◆ SOURCE DATA ◆

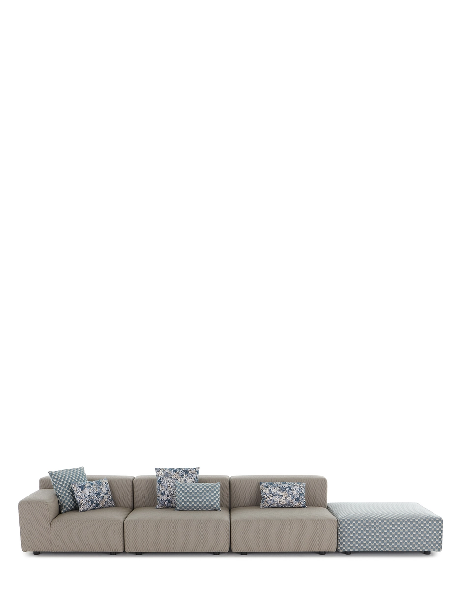 The Plastics sofa and Trix pouffe by Piero Lissoni and Philippe Starck’s Cara armchair will gain a new look thanks to the use of Liberty fabrics that are specially made for outdoor use. These fabrics add both style and functionality and guarantee strength and durability in outdoor applications. Available in two geometric patterns and one floral pattern, this new collection of outdoor furniture offers a unique mix of style and comfort, and lets you enjoy the summer in an elegant, relaxed fashion. In these new fabric coverings, each piece, from the sofa to the pouffe and armchair, becomes a precious addition to your outdoor life, contributing taste and refinement and offering a delightfully relaxed open-air experience. Available in sage, rust, beige, yellow and blue colour palettes.
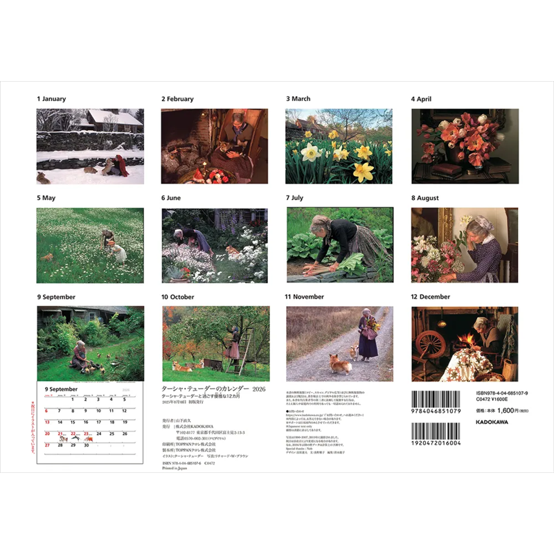 毎年好評のターシャ・テューダーのカレンダー。2026 年版で20 周年になります! 2008 年6月、92 年の人生の幕を閉じたターシャの素晴らしいガーデンとそのライフスタイルは、今も多くの人たちの憧れ。
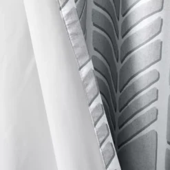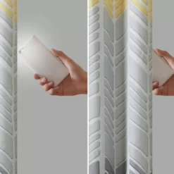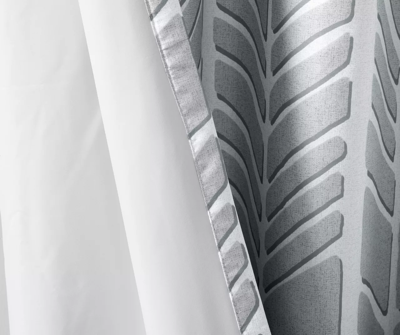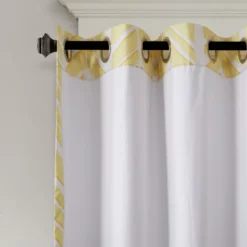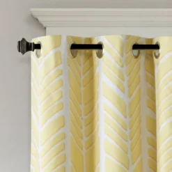 Create a color blocked look in your room with the Amanda blackout window panel. This geometric chevron design uses light gray, taupe and aqua for a unique combination of color and pattern. Added foamback lining provides superior room-darkening features, added privacy and energy efficient abilities. Finished with grommet top detail.

◆ WHAT YOU HAVE TO DO ◆
Everything in the listing is to be returned word for word, except the pictures.

◆ SOLUTION TO THIS PROBLEM ◆
 The Plastics sofa and Trix pouffe by Piero Lissoni and Philippe Starck’s Cara armchair will gain a new look thanks to the use of Liberty fabrics that are specially made for outdoor use. These fabrics add both style and functionality and guarantee strength and durability in outdoor applications. Available in two geometric patterns and one floral pattern, this new collection of outdoor furniture offers a unique mix of style and comfort, and lets you enjoy the summer in an elegant, relaxed fashion. In these new fabric coverings, each piece, from the sofa to the pouffe and armchair, becomes a precious addition to your outdoor life, contributing taste and refinement and offering a delightfully relaxed open-air experience. Available in sage, rust, beige, yellow and blue colour palettes.
 毎年好評のターシャ・テューダーのカレンダー。2026 年版で20 周年になります! 2008 年6月、92 年の人生の幕を閉じたターシャの素晴らしいガーデンとそのライフスタイルは、今も多くの人たちの憧れ。
 Create a color blocked look in your room with the Amanda blackout window panel. This geometric chevron design uses light gray, taupe and aqua for a unique combination of color and pattern. Added foamback lining provides superior room-darkening features, added privacy and energy efficient abilities. Finished with grommet top detail.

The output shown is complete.